Because $f^{-1}(Z)$ has $f^{-1}(Z)$ has a natural subscheme structure as $f^{-1}(Z) = Z \times_Y X$ which is not always reduced, it is probably better to require that $f^{-1}(Z)$ be proper with this standard subscheme structure.

However, it's also true if we give $f^{-1}(Z)$ the reduced subscheme structure because this is a closed subscheme of $f^{-1}(Z)$ with its standard structure and closed subschemes of proper schemes are proper.

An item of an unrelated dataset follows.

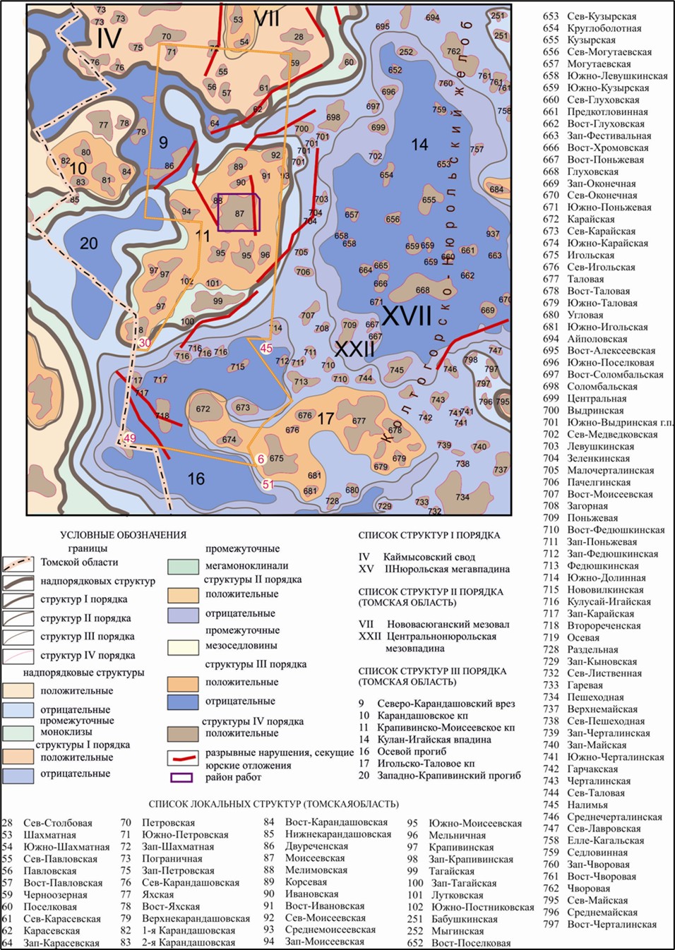 Рис. 3. Фрагмент тектонической карты юрского структурного яруса осадочного чехла западных районов Томской области (Конторович В.А., 2004 г.)

Now let me prove the claim. The map $f^{-1}(Z) \to Z$ is proper because it is the base change of $f : X \to Y$. Therefore the composition $f^{-1}(Z) \to Z \to S$ is proper showing that $f^{-1}(Z)$ is proper over $S$.

However, I do not believe this property is enough to characterize proper morphisms even for varieties over an algebraically closed field. The problem is ``there aren't enough proper closed subvarieties''. For example, $\mathbb{A}^1 \setminus \{ 0 \} \to \mathbb{A}^1$ is not proper but the only proper closed subvarities of $\mathbb{A}^1$ are points whose preimages are also points.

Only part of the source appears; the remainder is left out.